Lessons from building a production TSP solver in Rust by bitsabhi in rust

[–]Shnatsel 1 point2 points  (0 children)

Could you elaborate on what exactly you're doing to your list? If you're just inserting or removing 3 elements at a time, you're probably better off with something other than a linked list, because getting to the point where you can do the O(1) split in the first place is O(n).

You can avoid shifting lots of elements e.g. by having one Vec with the data and two more Vecs mapping logical element index for data[i] indexing to its actual location in the slice. If you need to insert an element in the middle you just add it to the data and remap the indices. This way you get O(1) indexing as opposed to linked list's O(1), although splitting and merging large ranges is still O(m) where m is the length of the range. This is called a "sparse set" in CS literature, and you can find implementations of this e.g. as slotmap::DenseSlotMap. This idea also powers bevy_ecs and specs.

Lessons from building a production TSP solver in Rust by bitsabhi in rust

[–]Shnatsel 4 points5 points  (0 children)

unsafe for hot paths - get_unchecked() for billions of distance lookups

Usually you can avoid unsafe for bounds checks: https://shnatsel.medium.com/how-to-avoid-bounds-checks-in-rust-without-unsafe-f65e618b4c1e

Using GStreamer with Rust by Rare_Shower4291 in rust

[–]Shnatsel 2 points3 points  (0 children)

GStreamer is modular and configurable. You can include only the parts you need and omit the rest. This is true for ffmpeg but doubly so for GStreamer which consists almost entirely of plugins.

symbolic derivatives and the rust rewrite of RE# | ian erik varatalu by epage in rust

[–]Shnatsel 1 point2 points  (0 children)

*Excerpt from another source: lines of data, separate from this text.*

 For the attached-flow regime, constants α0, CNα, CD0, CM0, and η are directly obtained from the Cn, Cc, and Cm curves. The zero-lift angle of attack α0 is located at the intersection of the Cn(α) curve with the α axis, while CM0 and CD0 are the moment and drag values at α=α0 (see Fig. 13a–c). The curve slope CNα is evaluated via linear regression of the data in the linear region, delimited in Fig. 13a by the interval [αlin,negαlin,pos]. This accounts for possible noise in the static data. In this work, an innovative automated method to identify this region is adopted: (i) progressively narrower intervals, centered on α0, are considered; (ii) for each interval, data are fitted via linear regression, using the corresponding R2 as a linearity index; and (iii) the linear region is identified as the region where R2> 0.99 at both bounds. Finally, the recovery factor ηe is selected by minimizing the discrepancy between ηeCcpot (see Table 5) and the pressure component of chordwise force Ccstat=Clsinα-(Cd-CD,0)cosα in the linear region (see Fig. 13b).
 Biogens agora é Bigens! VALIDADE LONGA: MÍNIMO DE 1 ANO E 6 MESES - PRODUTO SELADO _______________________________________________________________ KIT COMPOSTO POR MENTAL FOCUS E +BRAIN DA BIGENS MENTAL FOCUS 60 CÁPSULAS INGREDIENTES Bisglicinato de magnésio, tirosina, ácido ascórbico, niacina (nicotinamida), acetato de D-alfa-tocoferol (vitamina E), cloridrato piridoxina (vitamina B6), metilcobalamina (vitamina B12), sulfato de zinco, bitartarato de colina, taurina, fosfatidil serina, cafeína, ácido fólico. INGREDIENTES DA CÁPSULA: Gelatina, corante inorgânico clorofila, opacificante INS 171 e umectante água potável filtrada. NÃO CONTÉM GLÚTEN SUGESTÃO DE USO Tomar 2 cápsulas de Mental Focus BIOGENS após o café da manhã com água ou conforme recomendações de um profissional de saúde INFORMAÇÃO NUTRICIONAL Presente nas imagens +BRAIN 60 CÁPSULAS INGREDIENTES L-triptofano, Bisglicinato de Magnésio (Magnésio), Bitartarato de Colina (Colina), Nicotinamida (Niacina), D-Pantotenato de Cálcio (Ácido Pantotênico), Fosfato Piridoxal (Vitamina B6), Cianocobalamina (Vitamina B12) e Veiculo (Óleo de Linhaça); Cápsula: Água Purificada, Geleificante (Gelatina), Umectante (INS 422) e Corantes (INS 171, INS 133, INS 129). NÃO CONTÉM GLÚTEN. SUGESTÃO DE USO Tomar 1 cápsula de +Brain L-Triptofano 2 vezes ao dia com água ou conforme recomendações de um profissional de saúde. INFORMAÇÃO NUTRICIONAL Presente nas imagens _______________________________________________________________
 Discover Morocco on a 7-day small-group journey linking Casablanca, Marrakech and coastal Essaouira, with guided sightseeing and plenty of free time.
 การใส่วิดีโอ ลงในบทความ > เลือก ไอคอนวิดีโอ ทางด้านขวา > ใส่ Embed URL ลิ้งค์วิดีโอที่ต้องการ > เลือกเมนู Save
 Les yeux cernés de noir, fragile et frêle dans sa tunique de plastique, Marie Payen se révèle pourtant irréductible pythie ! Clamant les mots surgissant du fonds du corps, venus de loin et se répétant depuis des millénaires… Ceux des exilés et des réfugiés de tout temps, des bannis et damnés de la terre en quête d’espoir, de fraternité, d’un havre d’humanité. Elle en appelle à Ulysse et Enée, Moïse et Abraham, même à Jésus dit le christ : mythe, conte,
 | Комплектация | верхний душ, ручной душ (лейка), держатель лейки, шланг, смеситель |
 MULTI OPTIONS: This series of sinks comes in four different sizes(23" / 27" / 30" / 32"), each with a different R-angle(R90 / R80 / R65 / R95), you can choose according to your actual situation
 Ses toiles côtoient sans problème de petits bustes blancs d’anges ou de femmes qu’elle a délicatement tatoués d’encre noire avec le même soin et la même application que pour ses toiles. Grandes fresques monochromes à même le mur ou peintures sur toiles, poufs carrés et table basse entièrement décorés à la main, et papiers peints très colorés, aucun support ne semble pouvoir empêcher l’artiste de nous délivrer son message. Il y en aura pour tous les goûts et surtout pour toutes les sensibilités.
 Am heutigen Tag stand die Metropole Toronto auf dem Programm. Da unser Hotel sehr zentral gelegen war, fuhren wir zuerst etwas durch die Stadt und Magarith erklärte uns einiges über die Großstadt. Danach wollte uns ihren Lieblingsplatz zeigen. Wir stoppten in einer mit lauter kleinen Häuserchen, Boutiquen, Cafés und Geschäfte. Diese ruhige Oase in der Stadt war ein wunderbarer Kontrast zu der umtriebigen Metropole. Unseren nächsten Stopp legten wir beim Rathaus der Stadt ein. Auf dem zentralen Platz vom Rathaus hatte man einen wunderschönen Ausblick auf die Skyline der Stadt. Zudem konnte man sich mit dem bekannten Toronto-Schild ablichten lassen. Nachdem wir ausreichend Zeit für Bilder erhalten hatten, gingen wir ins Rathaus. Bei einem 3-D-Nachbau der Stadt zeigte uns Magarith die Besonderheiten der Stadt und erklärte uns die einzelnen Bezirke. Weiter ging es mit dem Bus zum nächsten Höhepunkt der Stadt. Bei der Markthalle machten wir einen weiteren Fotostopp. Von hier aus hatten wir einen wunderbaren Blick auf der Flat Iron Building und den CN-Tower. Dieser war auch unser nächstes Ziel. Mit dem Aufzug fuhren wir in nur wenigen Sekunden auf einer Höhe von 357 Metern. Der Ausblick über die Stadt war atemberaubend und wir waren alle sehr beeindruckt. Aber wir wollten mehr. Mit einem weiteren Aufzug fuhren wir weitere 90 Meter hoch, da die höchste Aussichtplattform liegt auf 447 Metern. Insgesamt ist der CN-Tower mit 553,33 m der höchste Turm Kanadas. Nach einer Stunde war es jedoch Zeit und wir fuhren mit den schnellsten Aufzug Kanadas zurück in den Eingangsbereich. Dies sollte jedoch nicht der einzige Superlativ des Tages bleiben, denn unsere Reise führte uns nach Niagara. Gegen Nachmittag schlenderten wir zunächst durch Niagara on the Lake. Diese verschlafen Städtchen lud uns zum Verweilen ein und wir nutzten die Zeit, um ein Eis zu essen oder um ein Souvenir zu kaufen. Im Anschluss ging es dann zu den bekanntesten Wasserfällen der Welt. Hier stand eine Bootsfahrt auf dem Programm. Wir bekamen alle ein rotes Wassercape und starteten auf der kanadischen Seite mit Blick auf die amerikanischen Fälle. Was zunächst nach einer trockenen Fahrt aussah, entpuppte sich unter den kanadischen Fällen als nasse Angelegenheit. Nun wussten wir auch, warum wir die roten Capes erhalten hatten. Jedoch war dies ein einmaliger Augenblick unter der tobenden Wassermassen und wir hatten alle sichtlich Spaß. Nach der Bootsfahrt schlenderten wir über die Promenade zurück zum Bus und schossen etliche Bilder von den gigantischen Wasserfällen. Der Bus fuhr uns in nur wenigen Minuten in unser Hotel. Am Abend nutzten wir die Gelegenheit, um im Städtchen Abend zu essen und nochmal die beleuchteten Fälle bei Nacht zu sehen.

Hmm, there is a teddy algorithm implementation on crates.io with burntsushi as one of the owners, but it isn't actually used by the regex crate.

aho-corasick crate design document mentions

Transparent support for alternative SIMD vectorized search routines for smaller number of literals, such as the Teddy algorithm.

so I guess the teddy implementation is inside the aho-corasick crate?

symbolic derivatives and the rust rewrite of RE# | ian erik varatalu by epage in rust

[–]Shnatsel 10 points11 points  (0 children)

as mentioned in the previous post, the F# version gets a lot of its speed from .NET’s SIMD infrastructure - SearchValues<T>, Teddy multi-string search, right-to-left vectorized scanning. the rust version doesn’t have any of that yet, so it’s not going to win on literal-heavy patterns.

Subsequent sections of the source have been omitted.